For relation extraction purposes this text should be restructured like this:
Treaty of Versailles is the cause of World war II. France occupying a resource-rich area of Germany is the cause of World war II. Hurting the sentiments of the German people is the cause of World war II.
Coreference resolution
Coreference resolution is the task of finding all expressions that refer to the same entity in a text. I have to use coreference resolution so that entities are captured and the context becomes easier to grasp.
Fig4
In easy words, replacing the pronouns with nouns as I am doing sentence-level relation extraction.
But I believe there is a problem with coreference resolution for the whole article. In some cases a hyperlink might be anchored with a pronoun for instance it
and if I perform coreference resolution then it might get replaced with some noun hence being unable to get the hyperlink to which previously pronoun it
and now the noun is linked to. It can be done if we store both the pronoun and then attach the corresponding noun and hence not lose the hyperlink the noun is now anchored to.
One more thing to be taken into account is that the base article is sometimes referred to with other names in the article too.
For e.g.
Berlin Wall is referred to as The wall in the article Barack Obama is referred to as Obama, Barrack Hussein Obama II, The first Black President of the USA in the article
Tokenisation of text into sentences
- Getting all the sentences which contain the entities and their context and removing all other sentences from the text.
- Storing it in the pandas dataframe with the columns for sentence, entities present, and position of head and tail entities. (Some sentences might have more than 2 entities, have to look)
For tokenisation into sentences, the SpaCy library can be used.
OpenNRE
I plan to do relation extraction with the help of the OpenNRE framework initially. Sentence level relation extraction using wiki80 dataset with 80 classes(relations) and 56,000 instances.
OpenNRE has the following released models for sentence-level relation extraction:
- wiki80_cnn_softmax: trained on wiki80 dataset with a CNN encoder.

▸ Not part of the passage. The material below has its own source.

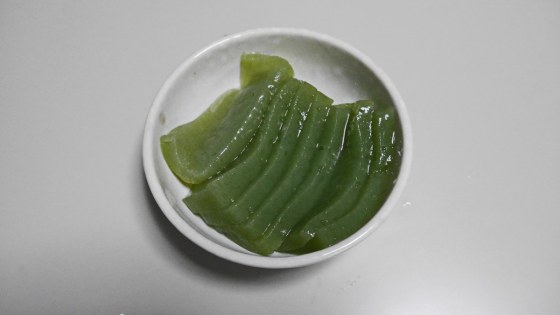 コンニャク独特のアクがまったくない上にツルッとした食感と青のりの風味がなんとも言えずよく調和していて、刺し身の名にふさわしいコンニャクである。
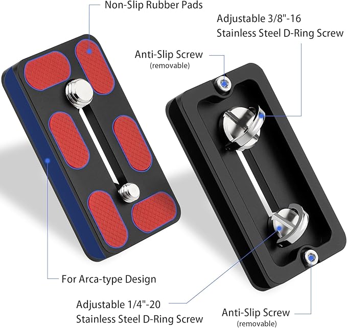 プレートはすべてのArca Swissリリースシステムと互換性があります。 1/4インチと3/8インチのネジを装備。

- wiki80_bert_softmax: trained on wiki80 dataset with a BERT encoder.
- wiki80_bertentity_softmax: trained on wiki80 dataset with a BIRT encoder.
After installing OpenNRE, open Python and load OpenNRE:
>>> import opennre
Then load the model with its corresponding name:
>>> model = opennre.get_model('wiki80_cnn_softmax')
After loading it, you can do relation extraction with the following format:
>>> model.infer({'text': 'He was the son of Máel Dúin mac Máele Fithrich, and grandson of the high king Áed Uaridnach (died 612).', 'h': {'pos': (18, 46)}, 't': {'pos': (78, 91)}})
The infer function takes one dict as input. The text key represents the sentence and the h/ t
keys represent head and tail entities, in which pos (position) should be specified.
The model will return the predicted result as:
>>> ('father', 0.5108704566955566)
Fig5
Ponder
One thing to be noticed is whether the sentence is Kate lives in Delhi or Kate lived in Delhi, both extract the relation {residence}.